Ne cherchez pas à mon avis c’est la direction de la banque qui ne s’intéresse pas au quartier à son développement même si la poste prend une part de marché du quartier.

Il y a 40 ans lorsque l’UBS ouvrait une succursale à un endroit, peu de temps après SBS OU BPS OU UNE AUTRE SUCCURSALE S’OUVRAIT DE L’AUTRE CÔTE DE LA RUE.

Aujourd’hui l’informatique est performante, c’est évident.

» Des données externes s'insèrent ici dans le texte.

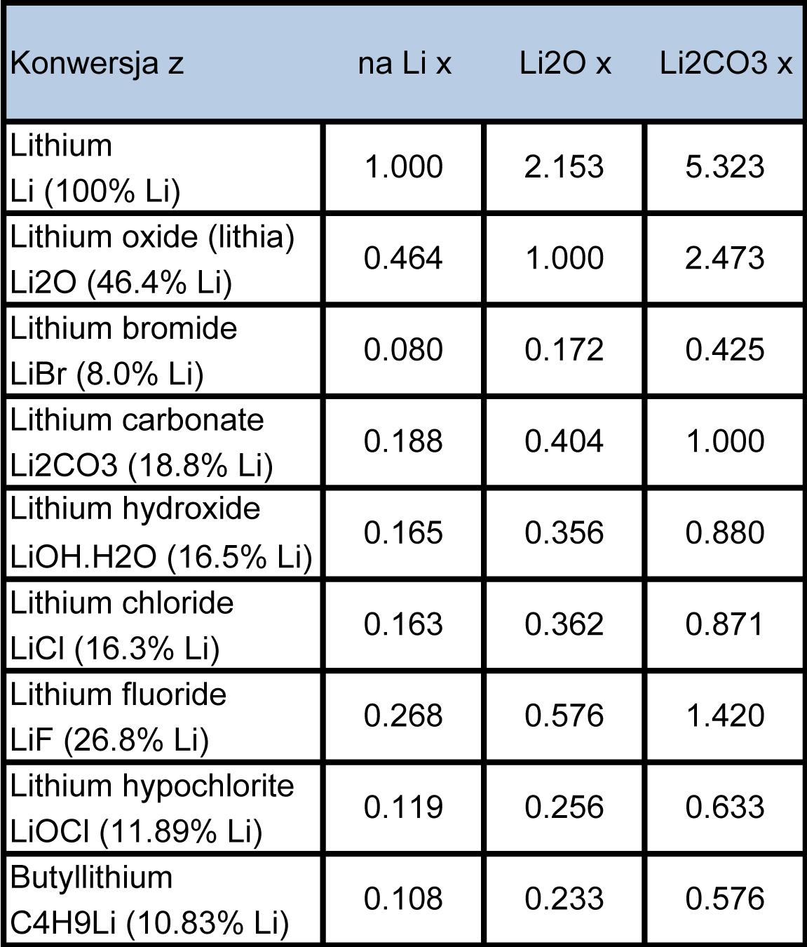 Głównym i najczęściej handlowanym produktem końcowym jest lithium carbonate, czyli węglan litu, noszący wzór chemiczny Li2CO3. Charakteryzuje się on jasnym kolorem i występuje w postaci sypkiej. Nie jest to czysty lit a raczej produkt z którego odbiorca uzyskuje czysty lit. Udział procentowy litu do pozostałych pierwiastków jest tu na poziomie 18%, czyli aby wyprodukować 1 kg czystego litu, wymagane jest 5.3 kg. węglanu litu. Statystyka statystyce nierówna, dlatego przy danych dotyczących produkcji litu należy zawsze patrzeć na informację o produkcie omawianym. Dla zainteresowanych oraz chemików pasjonatów poniżej przelicznik produktów wytwarzanych wobec tlenku litu i węglanu litu.

Aujourd’hui on obtient partout des informations économiques, on rencontre des spécialistes et lorsque l’on gère un petit dépôt il est facile de le faire par Internet à moindre frais.

On dit qu’en Inde on crée actuellement un million d’emplois dans ce secteur par mois.

Alors Champel ne se développe-t-il plus à Genève posons-nous les bonnes questions. Peut-être comme partout trop de fonctionnaires santé ou autres activités du genre malgré un nombre impressionnant de médecins privés d’avocats privés de gérants de portefeuilles indépendants et d’autres entreprises performantes comme MSC qui ont besoin de banques.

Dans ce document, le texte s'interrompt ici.